- RECORDED DATA
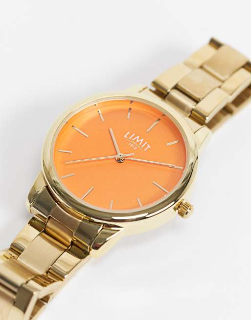 Limit – Guldfärgad armbandsklocka med orange urtavla
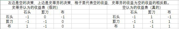 首先从史蒂芬的视角来分析。她认为的是假的收益表,因此按假的收益表分析。首先,空的策略剪刀是弱劣势策略,弱劣于布。因此如果空是理性人,他不会采用剪刀这个策略。因此可以将这个策略删去。
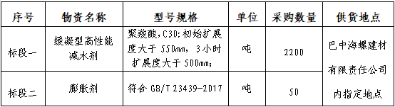 1.標(biāo)的內(nèi)容:減水劑、膨脹劑;
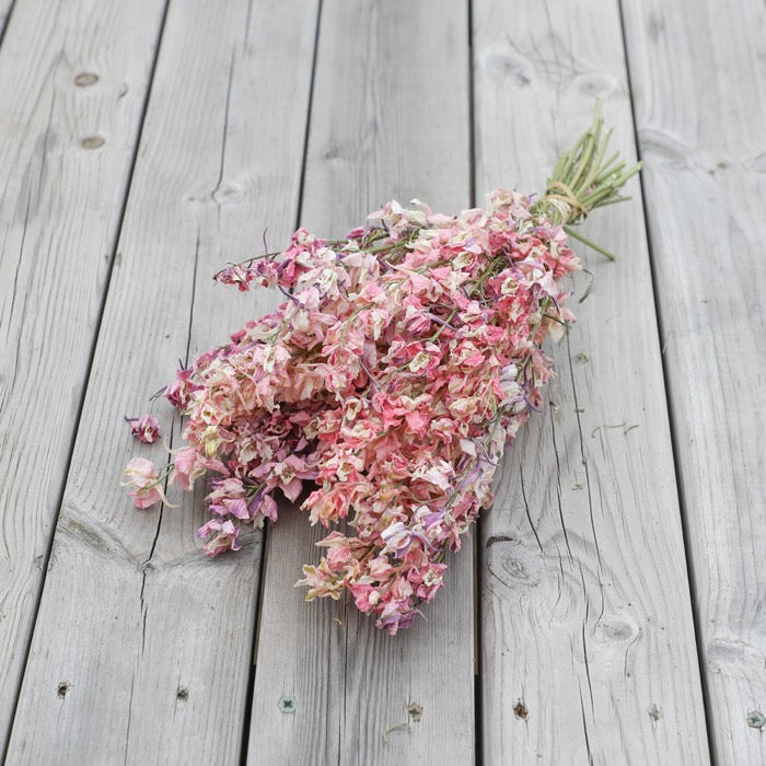 A bunch of our dried mixed pink and lilac delphinium stems all tied together, also known as Larkspur.

- WORK REQUEST
Word-for-word repeat, images excluded: return all the data.

- YOUR RESPONSE
 Limit – Guldfärgad armbandsklocka med orange urtavla
 首先从史蒂芬的视角来分析。她认为的是假的收益表,因此按假的收益表分析。首先,空的策略剪刀是弱劣势策略,弱劣于布。因此如果空是理性人,他不会采用剪刀这个策略。因此可以将这个策略删去。
 1.標(biāo)的內(nèi)容:減水劑、膨脹劑;
 A bunch of our dried mixed pink and lilac delphinium stems all tied together, also known as Larkspur.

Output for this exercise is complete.